- **TASK**
Starting at the line that contains "大阪市浪速区難波中に位置し、", transcribe every remaining line of the data below exactly, and omit all pictures.

- **EXERCISE DATA**
_____

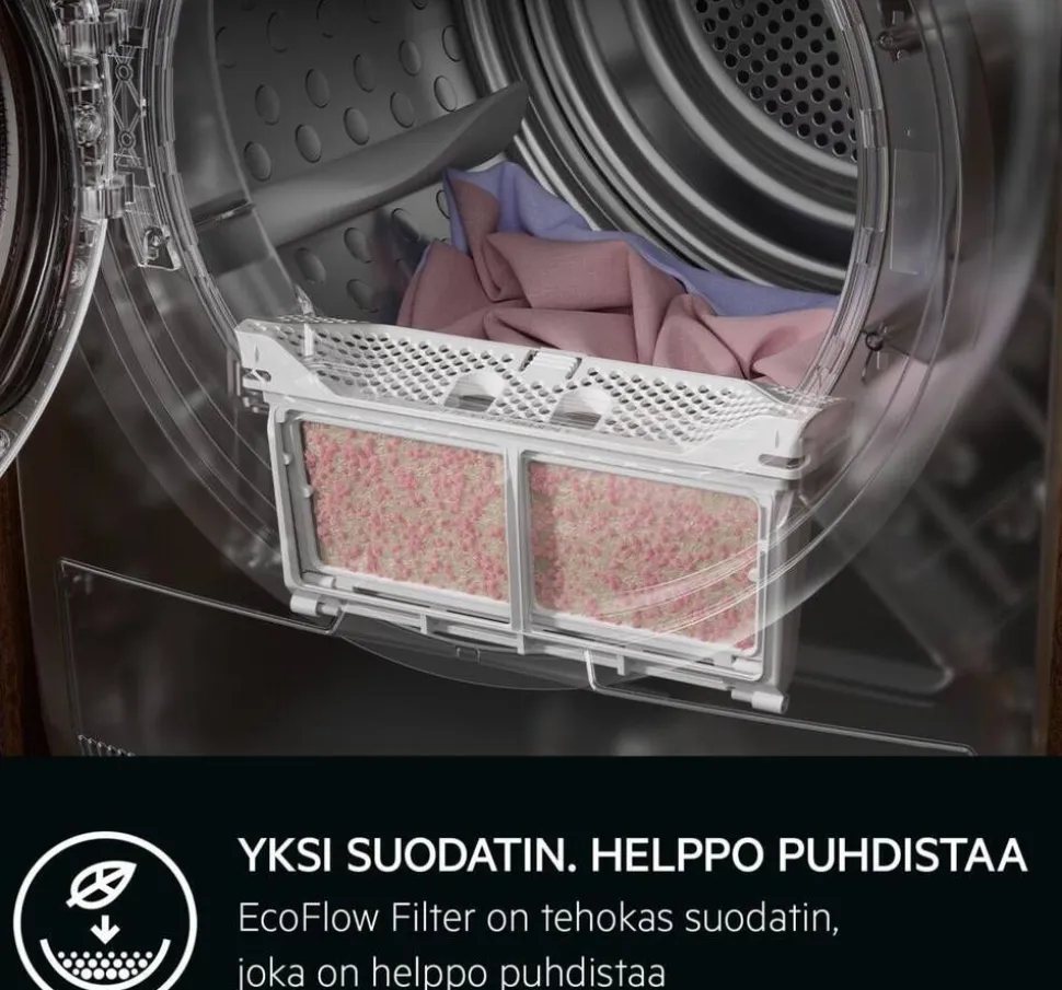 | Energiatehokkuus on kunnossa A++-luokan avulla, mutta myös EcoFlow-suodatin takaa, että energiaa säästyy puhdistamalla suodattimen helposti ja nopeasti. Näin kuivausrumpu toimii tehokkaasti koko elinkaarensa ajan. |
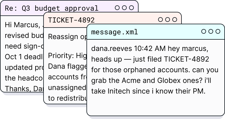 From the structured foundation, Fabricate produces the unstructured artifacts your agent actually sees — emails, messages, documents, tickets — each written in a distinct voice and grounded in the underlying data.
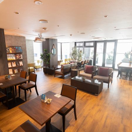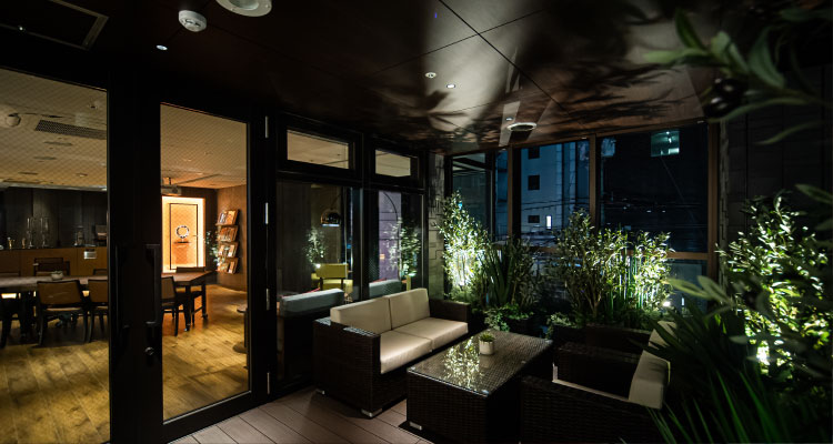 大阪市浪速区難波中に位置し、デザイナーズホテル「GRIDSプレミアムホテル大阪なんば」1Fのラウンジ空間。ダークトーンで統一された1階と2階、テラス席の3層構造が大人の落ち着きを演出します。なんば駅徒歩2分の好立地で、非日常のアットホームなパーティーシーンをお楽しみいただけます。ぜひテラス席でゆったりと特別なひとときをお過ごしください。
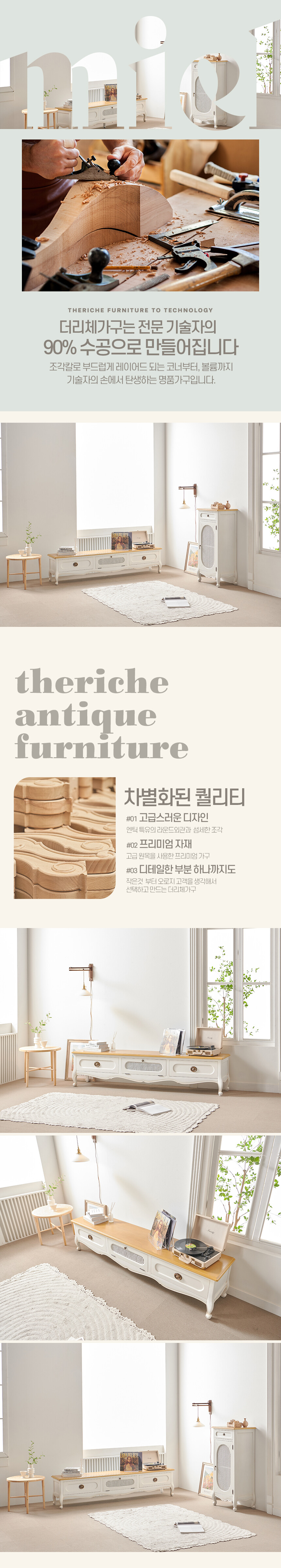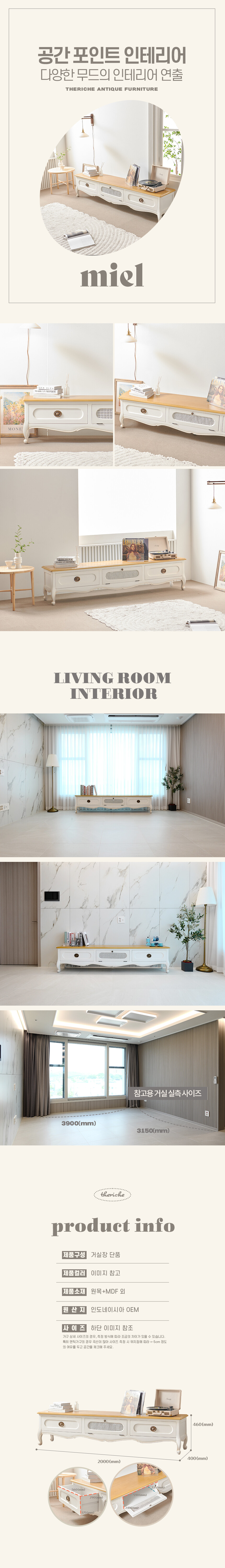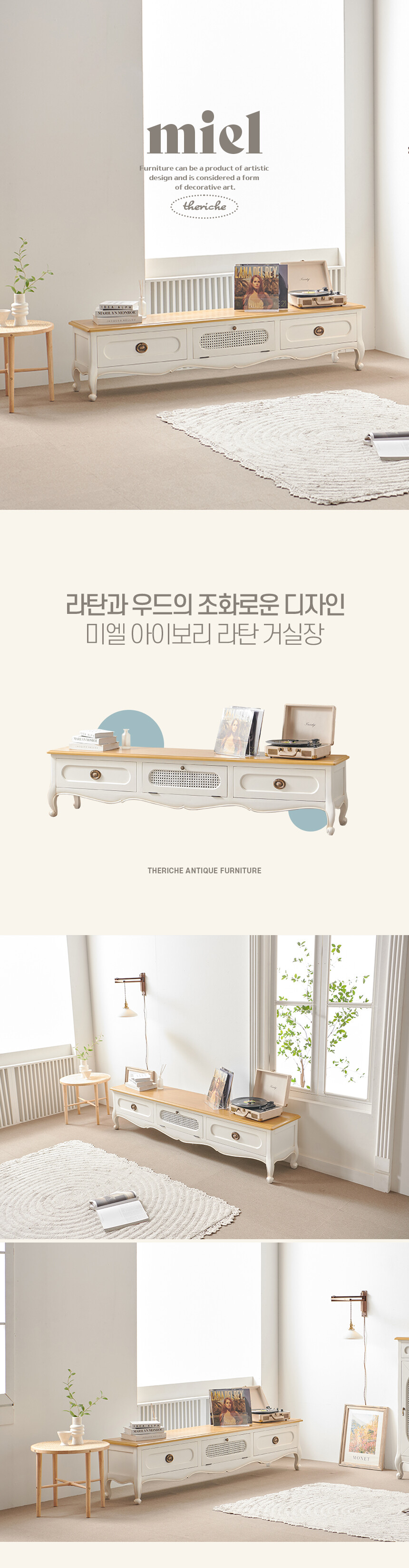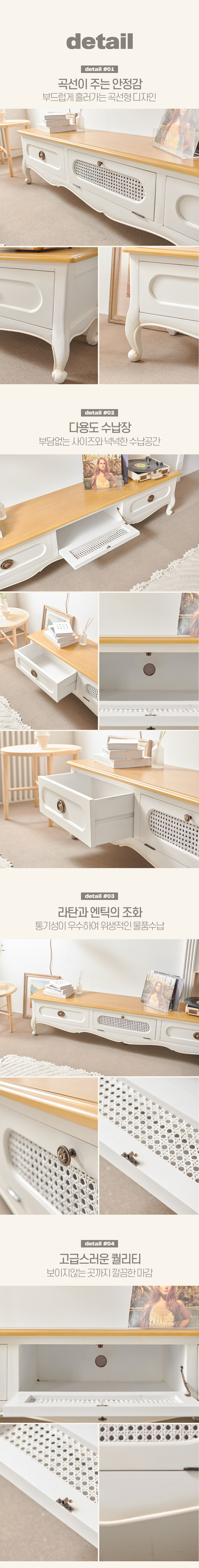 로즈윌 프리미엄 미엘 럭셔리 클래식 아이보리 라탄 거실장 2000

_____

- **RESPONSE**
 大阪市浪速区難波中に位置し、デザイナーズホテル「GRIDSプレミアムホテル大阪なんば」1Fのラウンジ空間。ダークトーンで統一された1階と2階、テラス席の3層構造が大人の落ち着きを演出します。なんば駅徒歩2分の好立地で、非日常のアットホームなパーティーシーンをお楽しみいただけます。ぜひテラス席でゆったりと特別なひとときをお過ごしください。
 로즈윌 프리미엄 미엘 럭셔리 클래식 아이보리 라탄 거실장 2000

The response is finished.